Ольга с мужем Дмитрием одновременно выскочили
И с этого дня жизнь в семье у Табунщиковых перестала быть похожей на жизнь. Прошлое постучалось к ним в дверь кулачком этой старой женщины в очках, матери разведчика, похороненного в садах, и эхо стука услышали все другие люди. От сторожа виноградного сада Сулина в хуторе узнали, что на могилу к разведчику приезжала его мать и что оттуда она направилась к дому Табунщиковых. Видели после ее и на другой окраине хутора, когда она спрашивала дорогу на племсовхоз, где лежал в братской могиле второй ее сын, застреленный, как и первый, Павлом Табунщиковым.
И все, что уже начало затягиваться тиной времени, все опять всколыхнулось и вспомнилось людям. Теперь и соседка Табунщиковых снова твердо вспомнила, что не почудилось ей тогда, а своими глазами видела она, как Варвара ткнула пальцем через плечо на сарай, где прятался разведчик. И соседка, плача, говорила, что она готова подтвердить свои слова перед кем угодно и где угодно.

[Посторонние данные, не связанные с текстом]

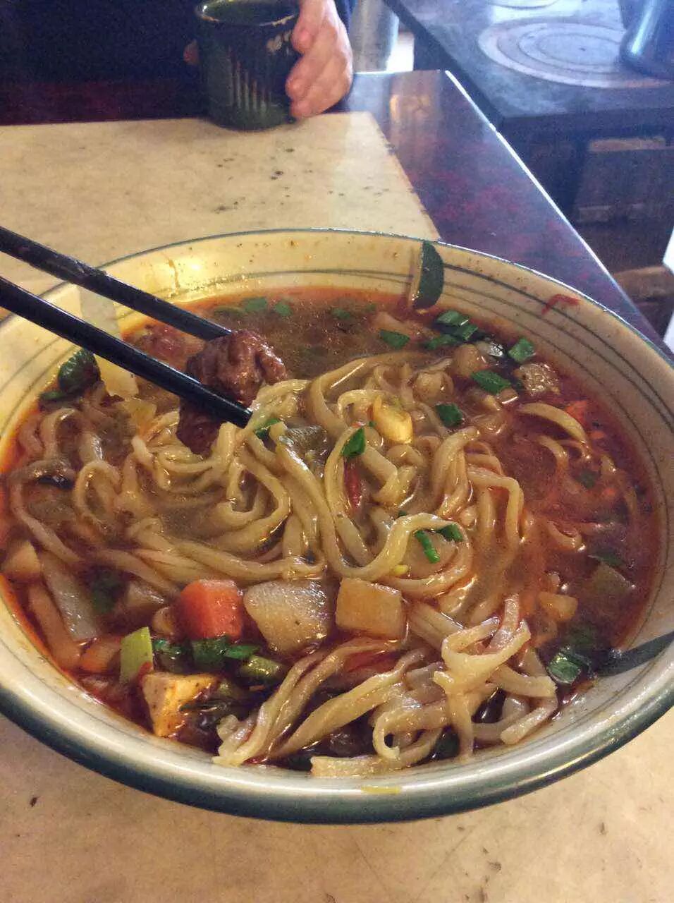 因为是一个人,我点了一份臊子面和一盘小菜。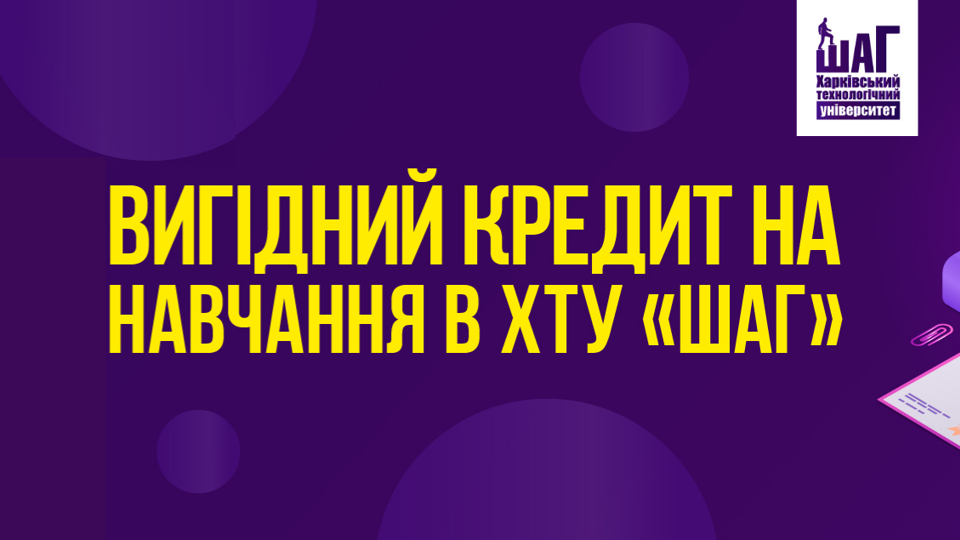 Державний кредит на навчання в Харківському технологічному університеті “ШАГ” — це реальний шанс отримати якісну вищу ІТ-освіту, якщо раніше на це бракувало коштів. Подробиці про отримання кредиту. До кінця вступної кампанії залишилось не так багато часу. Закликаємо абітурієнтів використати всі шанси!

Но не станут же судить ту, которая и без того уже была наказана. Лежит на постели, как бревно, только и шевелит руками сверху одеяла, как будто что-то вяжет. Ее дочка Ольга выговорила себе у директора совхоза через день ходить на работу, чтобы ухаживать за больной матерью. Жизнь Ольги стала совсем невыносимой. Правда, Дмитрий, после того как ему сделали внушение в милиции, спрятал свои кулаки в карманы. И даже после того, как посмеются над ним по пьянке злоязычные приятели, что он выносит поганые горшки за своей тещей, на которую и поганой веревки жалко, он придет домой, сядет на стул в углу и молча смотрит в тот угол, где лежит Варвара. Телефон сослужил свою службу.
Но и забыть он не может Ольге, что она жаловалась на него. Получается, что так она его и в тюрьму засадить может. А всегда шептала по ночам, осыпая его грудь сухими, горячими поцелуями, что он у нее самый красивенький на весь хутор, другого такого нет. И из-за кого же теперь она согласна запрятать его в тюрьму? Из-за своей матери, которая не имеет даже права называться матерью. Какая она мать?.. Волчица.
И вот теперь он должен молча смотреть, как Ольга, его жена, ухаживает за ней, кормит ее с ложки и выполняет ее капризы. Дмитрий не выдерживал и, хлопая дверью, уходил к своим приятелям, оставляя жену наедине с матерью. Пусть кормит с ложки, так ей и надо.
А Варвара, после того как паралич уложил ее в постель, есть стала столько, что Ольга не могла на нее наготовиться. Только что накормит и уже снова слышит из угла:
— Ты бы мне, дочушка, пирожочков спекла.
— Вы же, мама, десять штук съели.
— Это когда?
— Только что. Со сметаной. И три яичка.
— А ты еще дай. Дюже большой грех считать куски у родной матери.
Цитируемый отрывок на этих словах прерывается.